In tal senso, il personaggio che, più di tutti, concentra in sé questo annichilimento e questa apocalisse umana, sociale ed emotiva è il boia interpretato da un Valerio Mastandrea semplicemente formidabile ed unico, di cui (ri)scopriamo, ancora una volta, l’incommensurabile talento espressivo e che “recita con corde mai sentite senza imitare nessuno”, lavorando di sottrazione e riuscendo a bucare memorabilmente lo schermo, nonostante il misero screen time.
A completamento della “fauna” di questo mondo garroniano - fatto di elementi contemporanei abbandonati, in disuso e assorbiti dalla natura che diventano pilastri di una civiltà sconosciuta, decadente e decaduta, e di ambienti paludosi “da Louisiana che invece sono l’Italia” -, seguono poi una Valeria Golino più misurata e consueta nei panni di una strega che vive, parla e si circonda di cose morte, fungendo da “figura materna” ed ammonitrice per il Figlio; Franco Ravera e Maurizio Donadoni in una versione post apocalittica e sessualmente pervertita del Gatto e la Volpe; un Fabrizio Ferracane iniziatico, anche se forse mai abbastanza efficace; un Paolo Pierobon promettente, ma mal sfruttato; ed, ultimo ma non per importanza, un Leon De La Vallée (nel ruolo del Figlio) ottimo ed interpretativamente loquace, ma che avrebbe potuto regalare sicuramente qualcosa di più.
Il fatto che Valerio Mastandrea sia l’elemento più riuscito, nonché più inedito del cocktail di stimoli ed influenze diretto e composto da Cupellini & co., è probabilmente dovuto al fatto che l’attore capitolino è quello che più di tutti ha compreso ed interiorizzato nella sua prova il principio di sottrazione abbracciato e propugnato tanto dalla graphic novel di Gipi, quanto dalla trasposizione in essere. Difatti, se in alcuni suoi passaggi narrativi La terra dei figli si distacca dalla controparte cartacea, è nella gestione dei tempi diegetici e del ritmo e nella via del realismo che Cupellini, assistito in sceneggiatura da Guido “Romulus” Iuculano e da Filippo “Il primo re” Gravino, dona allo spettatore una trasposizione pedissequa e sensazionalmente assimilabile all’opera a fumetti.

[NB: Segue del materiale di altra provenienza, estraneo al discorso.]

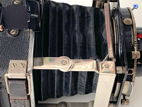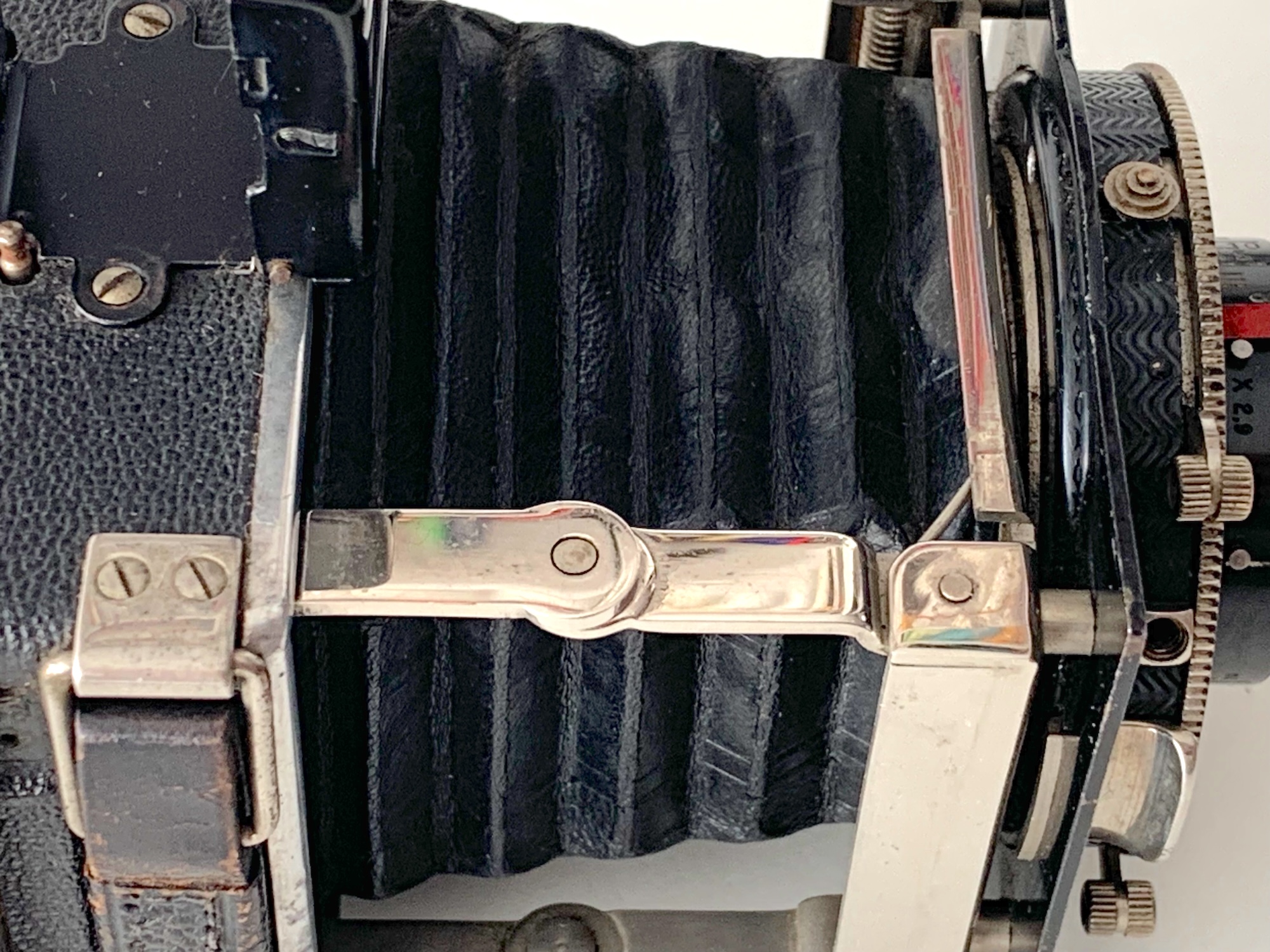 Wie die ZI besitzt sie Knickspreizen. Im erwähnten Katalog wird die einfache Bedienung herausgestellt: „Die Kamera ist flach wie im Rollfilm-Modell und durch einen Griff in Aufnahmestellung zu bringen. Ein leichter Anzug des Vorderteiles und das Objektiv springt in die Gebrauchsstellung. Ein Druck auf die Spreizen und die Kamera schließt sich.“ Das funktioniert auch heute noch einwandfrei und präzise; die Kamera ist mechanisch sauber konstruiert und verarbeitet. Wenn man das Vorderteil herauszieht, öffnet sich automatisch der Newtonsucher.

Il cineasta infatti asciuga del tutto la drammaturgia e il naturale spettacolo verso cui propenderebbe un soggetto simile, riduce all’essenziale i vari scambi di battute, sfrutta con parsimonia l’azione emotiva, quando non commovente, del commento musicale composto da Motta, relega il lavoro di costruzione di toni ed atmosfere ai rumori ambientali - che, in numerose sequenze (altrimenti silenti), arrivano addirittura a farla da padroni -, inoltre, valorizza (come affermato sopra) tutte le anime compositive della produzione, facendo buon uso anche di effetti speciali e visivi.
Tutti aspetti, questi ultimi, di grande ed innegabile pregio - a composizione di una regia armoniosa e calibrata anche quando finge di non esserlo, che trova un compromesso tra l’epica affabulatoria di un universo narrativo dalle dimensioni potenzialmente vastissime e la spigolosità di un racconto e di una messa in scena che richiedono un notevole sforzo allo spettatore - che fortunatamente correggono e compensano una trattazione (ancora) pavida ed insicura della violenza, sia essa fisica o, soprattutto, psicologica. Un vero peccato.

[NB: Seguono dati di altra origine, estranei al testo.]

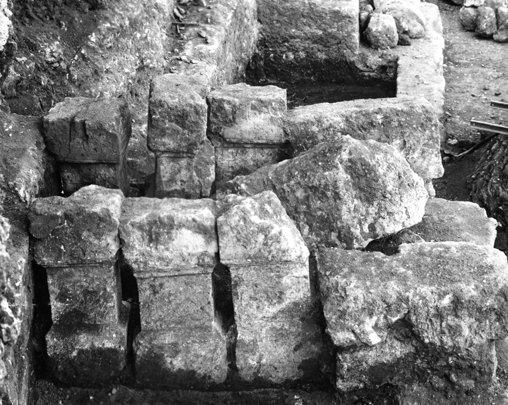 collected together, the inscriptions were turned face inwards, near the rock face, beside the Byzantine lime kilns.

Seppur condizionato da una serie di difetti tutt’altro che trascurabili - non ultimi la somiglianza fin troppo eclatante con lo stile e la poetica di Garrone (che ne pregiudica inesorabilmente le possibilità espressive), una durata che si fa sentire ed un finale monco e frettolosamente costruito -, La terra dei figli mantiene tutte quelle aspettative e promesse che ci si aspetterebbe da una trasposizione di una delle più grandi opere di Gipi e, in particolare, da un film italiano di genere che, così come la coeva Anna in ambito seriale, sperimenta con un filone, quello post apocalittico, da sempre patria potestas di un altro tipo ed un’altra concezione della settima arte.

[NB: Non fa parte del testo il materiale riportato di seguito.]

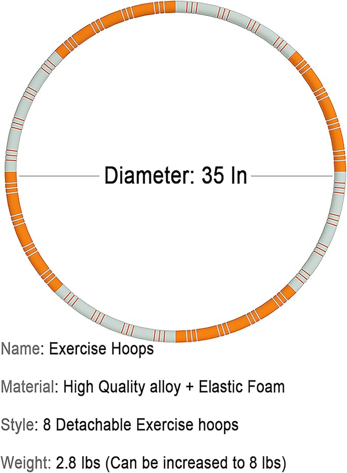 - ★【Adjustable Weight】Our Fitness hoops about 2.8 pounds and diameter 35 inches. The weight of this exercise hoop can be adjusted freely. Weighted objects such as rice grains,sand, small balls,etc.Can be added inside the steel pipe,and the upper weight of the weight is determined by the load.

Allo stesso tempo però, La terra dei figli evidenzia anche uno dei problemi più sostanziali e dall’urgente risoluzione dell’attuale cinema nostrano, soprattutto quando si parla di film di genere. Per tutta la durata del racconto di Cupellini infatti, la domanda che più ha infestato la mente e il pensiero di chi scrive è la seguente: a chi è rivolto La terra dei figli? Viste le premesse, di primo acchito si potrebbe rispondere: ai giovani, ossia a coloro che più masticano e hanno familiarità (vuoi per le loro abitudini seriali e/o videoludiche) con contesti post apocalittici et similia. Tuttavia, ci sembra oltremodo implausibile che un teenager abituato a tutt’altre maniere e toni di racconto possa apprezzare la smisurata dilatazione temporale e i numerosi momenti contemplativi di un film fortemente autoriale come La terra dei figli.
Un’opera palesemente rivolta ad un pubblico giovane è costretta pertanto a sperare nell’interesse e nelle preferenze di visione di quella fascia di pubblico: gli adulti e, nello specifico, la terza età; che è poi l’unica che, ora come ora, più sta dando una chance ai nuovi prodotti del cinema italiano. Dunque, anche quando - come in questo caso - il "nuovo" cinema italiano avrebbe potuto dar vita infine ad un (altro) prodotto di genere duro e puro, volto primariamente ad una (ri)fidelizzazione del pubblico (marketing e campagna promozionale permettendo), ecco che si preferisce puntare invece sull'esclusività e su un intellettualismo certo pregevole e coraggioso, ma controproducente rispetto a quello che la pellicola avrebbe dovuto e potuto essere.
In tal senso, la risposta alla domanda posta sopra potrebbe essere “tutti e nessuno”, a riprova di un cinema, sì, in fase di rilancio, ma che, all’infuori di festival e premi - vuoi poiché spesso autorialmente tronfio e fintamente giovane, vuoi poiché privo di un target di riferimento ben preciso -, non riesce (e, di questo passo, non riuscirà) a ritrovare il consenso del pubblico nella sua interezza (e non solo di quella nicchia consueta e claustrofobica). Soprattutto, delle nuove generazioni.